Charlotte me dévisage d'un air pensif. J'attends, sans rien dire ; je sais qu'elle ne laissera pas la conversation s'arrêter là. Et en effet, sa question suivante ne tarde pas à fuser :

— C'est ce que tu ressentais avec Dorian ?

— Dorian ?

Je me suis braquée en prononçant ce prénom. Je n'ai pas envie de penser à lui à cet instant, pas envie de penser au lien que Caliban et lui entretiennent. J'avais réussi à le tenir enfermé dans un recoin de ma mémoire jusque-là... mais Charlotte a raison d'en forcer la serrure.

— Eh bien, oui, développe-t-elle. Tu es restée en couple plus d'un an avec lui, non ?

— Presque deux, même, je la corrige.

— Est-ce que tu avais aussi l'impression de perdre du temps à ses côtés ?

Je soupire.

— C'était différent. J'étais plus jeune à l'époque, j'avais une conscience moins claire de ce que je voulais pour l'avenir et des choix qu'il me faudrait faire pour l'obtenir. C'était le lycée, aussi, le niveau d'exigence y était moindre. Et puis, Dorian et Caliban sont très différents.

— En quoi ?

Charlotte pose sur moi un regard scrutateur. Je prends quelques instants pour chercher mes mots avant de lui expliquer :

— Dorian et moi, nous formions un couple de bons élèves, tu vois ? Nous nous disputions les meilleures notes, nous nous croisions sans cesse à la bibliothèque pour y travailler. Nous mettre ensemble n'a été qu'une suite logique à tout ça. Je n'avais aucun mal à tenir mes sentiments pour lui sous contrôle, et je savais qu'il ne m'en voudrait pas si je ne faisais pas de lui ma priorité : je n'étais pas la sienne, moi non plus. Mais Caliban... Il y a une passion en lui que son frère n'a jamais eue.

— Ça t'effraie, j'ai compris. Mais en même temps, ça t'attire davantage, je me trompe ?

— Je ne sais pas. Et je ne peux pas me permettre de chercher à le découvrir.

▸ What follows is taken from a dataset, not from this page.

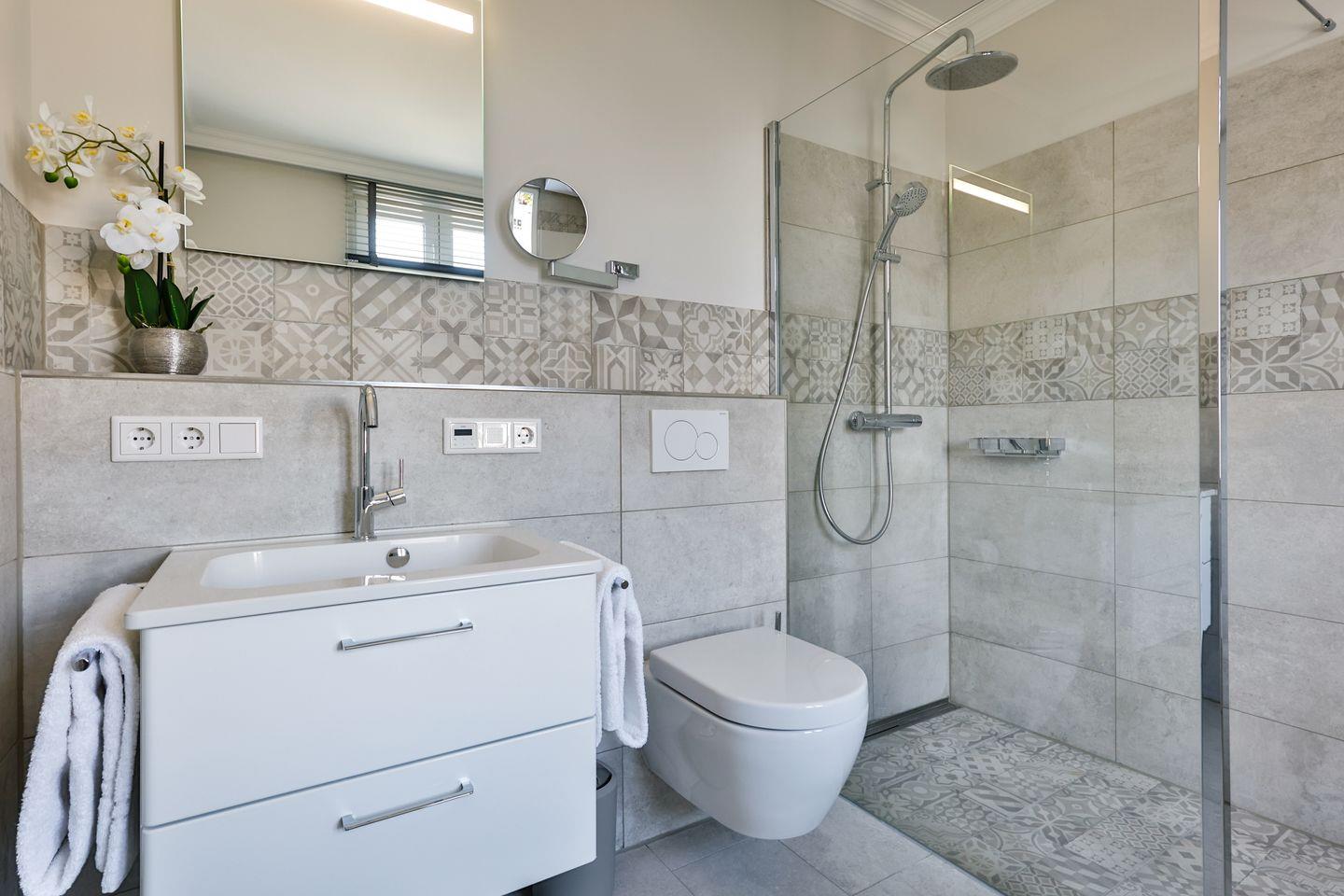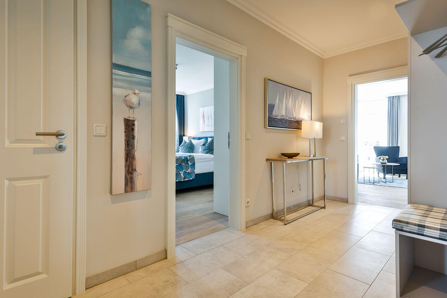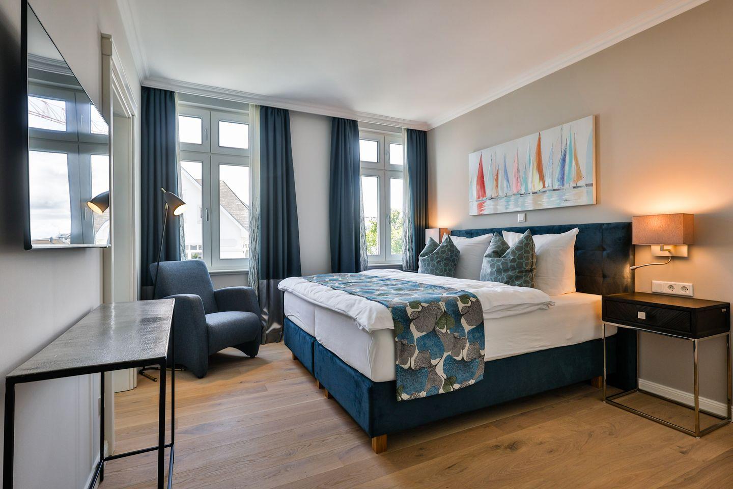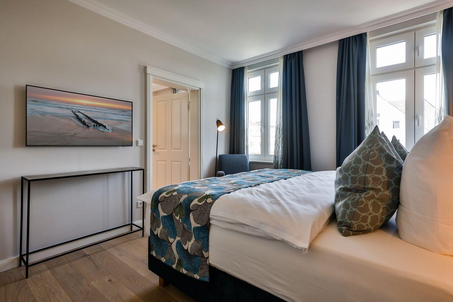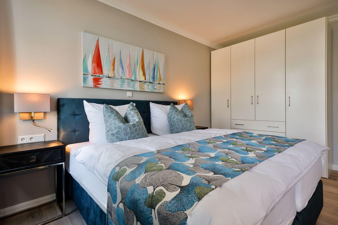 Beide Schlafzimmer sind sehr geschmackvoll eingerichtet und bieten höchsten Schlafkomfort. Das Hauptschlafzimmer ist mit einem Boxspringbett (180x200 cm) und TV ausgestattet. Das zweite Schlafzimmer ist ebenfalls mit einem Boxspringbett (160x200 cm) und TV eingerichtet. Beide Zimmer haben ein ruhiges Ambiente für erholsame Nächte. Die Wohnung bietet zwei moderne Badezimmer, die mit ebenerdigen Duschen, WC und Fön ausgestattet sind; ein Badezimmer hat zusätzlich eine Badewanne zum Entspannen und Wohlfühlen. Abgerundet wird der Bereich durch ein zusätzliches Gäste-WC.

Mon ton est devenu tranchant. Pourtant, Charlotte se fend d'un demi-sourire, et conclut :

— La bonne nouvelle, c'est que ce n'est pas ta relation passée avec Dorian le problème, n'est-ce pas ? Tu aurais le même dilemme si Caliban n'était pas son petit frère.

Je penche la tête sur le côté.

— C'est quand même gênant. Ça ne se fait pas, ce genre de choses.

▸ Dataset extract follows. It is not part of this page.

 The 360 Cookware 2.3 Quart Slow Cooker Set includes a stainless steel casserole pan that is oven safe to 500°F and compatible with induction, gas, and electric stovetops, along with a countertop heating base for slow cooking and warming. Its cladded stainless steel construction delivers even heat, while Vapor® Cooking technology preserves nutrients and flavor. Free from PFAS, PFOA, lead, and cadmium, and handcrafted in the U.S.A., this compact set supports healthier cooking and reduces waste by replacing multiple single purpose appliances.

— Est-ce que toi, ça te gêne ?

Je réfléchis, me remémorant ma soirée. Si je suis honnête avec moi-même, je dois reconnaître que je n'ai quasiment pas pensé à Dorian lorsque je discutais avec Caliban ; j'en avais même oublié leur lien, absorbée par ce qu'il m'a dévoilé de lui, et de lui seul. Il est juste... Caliban, voilà tout.

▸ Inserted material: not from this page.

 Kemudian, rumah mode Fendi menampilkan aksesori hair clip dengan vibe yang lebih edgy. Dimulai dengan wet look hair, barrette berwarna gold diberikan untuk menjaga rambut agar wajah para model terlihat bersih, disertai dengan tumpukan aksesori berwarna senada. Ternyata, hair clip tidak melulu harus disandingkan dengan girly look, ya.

— Pas tant que ça... je souffle.

— C'est vrai que la situation est bizarre, mais il y a des histoires bien pires, rebondit Charlotte. Tu ne devrais pas te laisser arrêter par la peur de ce que les gens pourraient penser, ou je ne sais quoi de ce genre-là. Tu ne veux pas juste te laisser porter ? Essayer ? Ce n'est pas de t'engager pour la vie qu'on te demande, juste de tenter le coup. Caliban m'a l'air d'être prêt à se réjouir de toute place que tu voudras lui accorder. Vois ce que ça peut donner, vous deux, sans te prendre la tête. Tu fais de tout ça une question de principe, mais est-ce que tu as vraiment besoin de planifier d'avance ce qui pourrait se produire ? Si tu vois qu'en effet, tu n'es pas bien dans votre relation, il sera toujours temps de revenir en arrière et de rompre.

— Je lui aurais donné des faux espoirs, et ça lui fera mal si tout s'arrête brutalement.

— Pas plus que si rien ne commence...

Le silence envahit notre chambre. Je sens les mots de Charlotte se frayer un chemin en moi, imprégner la partie de mon esprit qui ne demande qu'à se laisser convaincre.

— Il m'a envoyé un message, tout à l'heure, je révèle. Après que j'ai quitté le bar.

Je l'ai lu, mais je n'y ai pas répondu, parce que je n'étais pas en état de le faire...

— Qu'est-ce qu'il disait ? me demande ma meilleure amie.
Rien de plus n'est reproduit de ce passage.